April 21, 2021

Swapping Volatility

Google chose as motto “don’t be evil.” “Beware derivatives” isn’t a bad motto either.

If you’ve read the MSM long, you know we’ve beaten the drum like Boneshaker (when you hear the sound of the drum, here we come) over the risk in derivatives.

Oh please, Quast.  Can’t we talk about something more interesting, like the molecular structure of Molybdenum?

Do you want to know what’s coming, public companies and investors?  We’ve now been warned twice.  I’ll explain.

Before that, this: Recall that we said the market could take a beating this week because of derivatives. A raft of major banks have reported combined damage in the billions from bad derivatives bets by one hedge fund, Archegos Capital.

And VIX bets hit today.  Volatility bets blew up another fund.  Warning Signal No. 2.

Gunjan Banerji wrote about it yesterday in the WSJ (subscription required), admirably explicating the complexities of variance swaps.  The Infinity Q Diversified Alpha Fund shut down.

Diversified Alpha, a mutual fund marketed as a hedge fund for the masses, had roughly $1.75 billion of assets at last word.  The fund aimed in part at volatility strategies.  It said:

“The Volatility Strategy seeks to profit from the mispricing of volatility related instruments across equities, currencies, bonds, interest rates, and commodities markets. These instruments include options, variance swaps, correlation swaps, and total return swaps. The Strategy invests across a wide range of time horizons and takes long and short positions in the underlying volatility instruments.”

The fund went broke betting on volatility – mispricings.  That’s two in short succession.  Diversified Alpha filed its plea with the SEC Feb 21 to halt redemptions. Right after February expirations. Archegos Capital went belly-up with March expirations.

Much of the money in equities trades mispricings. That’s what ETFs do (ETF vs a basket). It’s what Fast Traders do (one price vs another). It’s what derivatives traders do (stocks vs options).  Those behaviors are roughly 80% of US equity volume.
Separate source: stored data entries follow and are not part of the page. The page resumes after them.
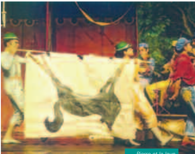
Pierre et le loup

On le croit parfois en perte de vitesse, en train de s'éteindre. Pourtant, chaque fois il renaît. Le jazz est infatigable ! Que les temps soient techno ou pop, il est toujours là comme au début du siècle. Durant cette soirée, l'École de Musique de Carquefou vous per-
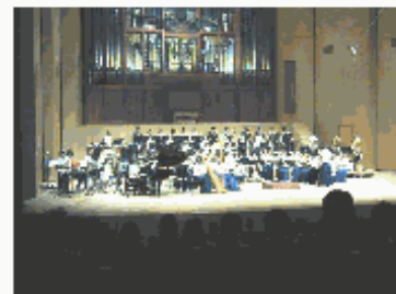
昨年の大ホールでのコンサート

情報をお寄せください！ みなさまからのご意見・掲載情報をお待ちしています。詳しくは電話またはメールにてご連絡ください
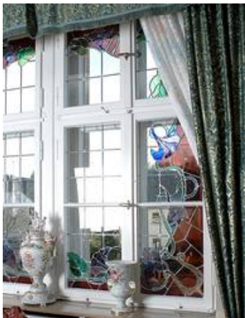
Eine klassische Glasgestaltung in einem klassischen Holzfenster

Die klassische Möglichkeit, ein (Fenster)rahmen der wiederum mit dem Baukörper verbunden ist und den Baukörper abschließt.
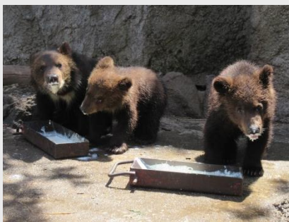
離乳食を口にする子グマたち＝ 5月29日

5月24日から離乳食を始めました。いきなりではなく徐々に離乳をさせるため、毎日飲んでいくヒグマ用のミルクの中に粉末の配合飼料を混ぜて与えています。

These disasters you describe, Tim, are isolated to leveraged outfits.

Nope.

Here’s the SAI for the Blackrock Technology Opportunities Fund. I have read a great many SAIs, a reason I’ve in the past highlighted risks, especially for Exchange Traded Funds.
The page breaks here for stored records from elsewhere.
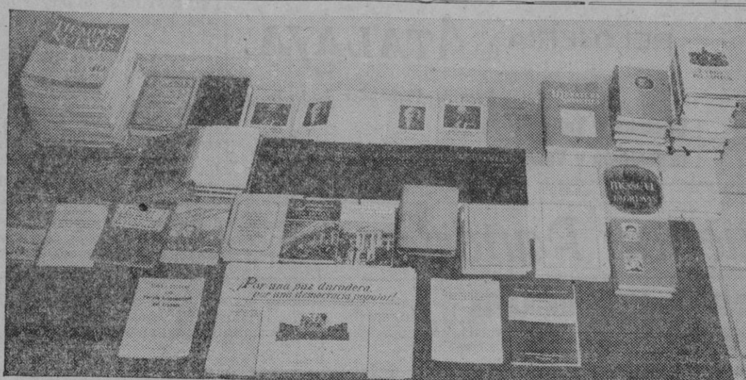
Estos libros comunistas se encontraron entre los efectos personales de Jacobo Arbenz Guzmán después de haber sido derrocado su Gobierno en Guatemala por las fuerzas anticomunistas al mando del coronel Carlos Castillo Armas. Entre ellos figuran obras de Marx, Lenin, Stalin, Mao y Malenkov; ejemplares del órgano de la Cominform «Por una paz duradera y por una democracia popular»; otros libros, folletos y revistas procedentes de Rusia y de sus satélites; los estatutos del partido comunista de Guatemala, y ejemplares de un informe del Comité central del partido comunista guatemalteco.
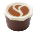
Knospe mit Caramel
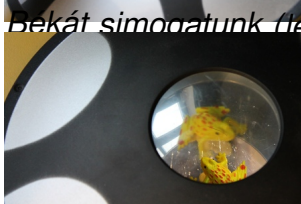
De hol a béka? Á... elbújt ott lent
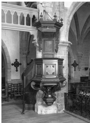
Vue de face IVR26_19862101495V
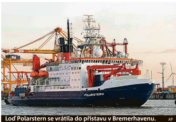
Loď Polarstern se vrátila do přístavu v Bremerhavenu.

Obrovské množství údajů, které mezinárodní týmy odborníků za měsíce plavby kolem severního pólu nashromáždily, jim však umožňují vydat svědectví o klimatických změnách. „V průběhu léta mohli vědci zmapovat rozsah tání pobřežního ledu v tomto regionu považovaném vědci za epicentrum glo-

On page 3 is this: Only information that is clearly identified as applicable to the Fund is considered to form a part of the Fund’s SAI.
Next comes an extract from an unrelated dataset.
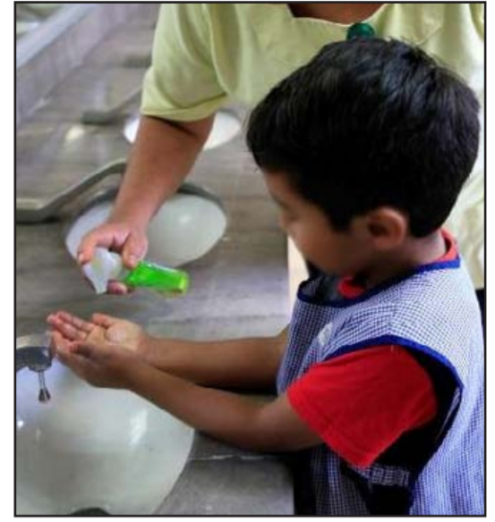
de orientación permanente para consolidar hábitos de bienestar colectivo.

Aquellas personas que presenten síntomas de deshidratación crítica o sangrado deben solicitar atención institucional de forma inmediata en las Unidades de Medicina Familiar. El monitoreo debe ser riguroso en menores de cinco años y habitantes de la tercera edad, sectores que presentan una vulnerabilidad mayor, mientras el organismo mantiene su esquema

Then follows a table, with X’s by what applies.  See page 4, the derivatives section. Derivatives for hedges and speculation apply.  Credit default swaps, interest-rate swaps, total return swaps, options on swaps, on it goes.

I’m sure it’s a small part of this fund’s assets, used within rules to true up tracking or remediate some of the unremitting volatility that’s been seeded in all financial instruments by vast artificial quantities of money and low interest rates. But read the SAI on your favorite fund. What’s it say?

By the way, volatility in stocks has plunged by 50% the past couple weeks. Almost like a tide going out ahead of a tsunami. Behind it in other data we track are vast swings in standard deviation between the prices of sector stocks and the ETFs tracking them.

That is, if we compile moves of all sector stocks and the average is a 1.8% decline and the composite average for sector ETFs is 0.1%, standard deviation is 625%.

It suggests to me that ETFs are substituting stuff that moves less than stocks – like swaps or IOUs of some sort, or cash – to get away from the error-inducing volatility in stocks.

But that could blow up derivatives predicated on a statistical equity basket. What the hell is going on?  Exactly.  That’s what I want to know. Something is wrong, and we’re seeing little fissures, seeping steam, wisps of ash.

We’ve long been concerned about these risks. But they’re like the way Ernest Hemingway described how one goes broke (a line I’ve used often): very slowly then all at once.

I’m not wringing my hands. Forewarned is forearmed. Investors and traders, it’s wise to get out of the pool around these things, which we observe in the data, and report.

And for public companies, it’s high time to make sure your executive teams realize risk resides beyond “alternative investments.” It’s everywhere. All around us. 

How central are Morgan Stanley, JP Morgan, Credit Suisse, Deutsche Bank, banks losing on Archegos, to financial markets from IPOs to Treasury Open Market operations?  Derivatives to equity and ETF trading?

It may be the cost of paying ourselves to sit out a Pandemic is the stability of our financial markets. We’re inflating everything including derivatives.  We can survive it.  In fact, it would do us good to roll around in the dirt and develop some resilience.

Whatever happens, we’ve got the data.  We warned EDGE users to be out by last Friday. We can tell you, public companies, if these instruments are large in your price. 

Everybody is swapping volatility. Beware.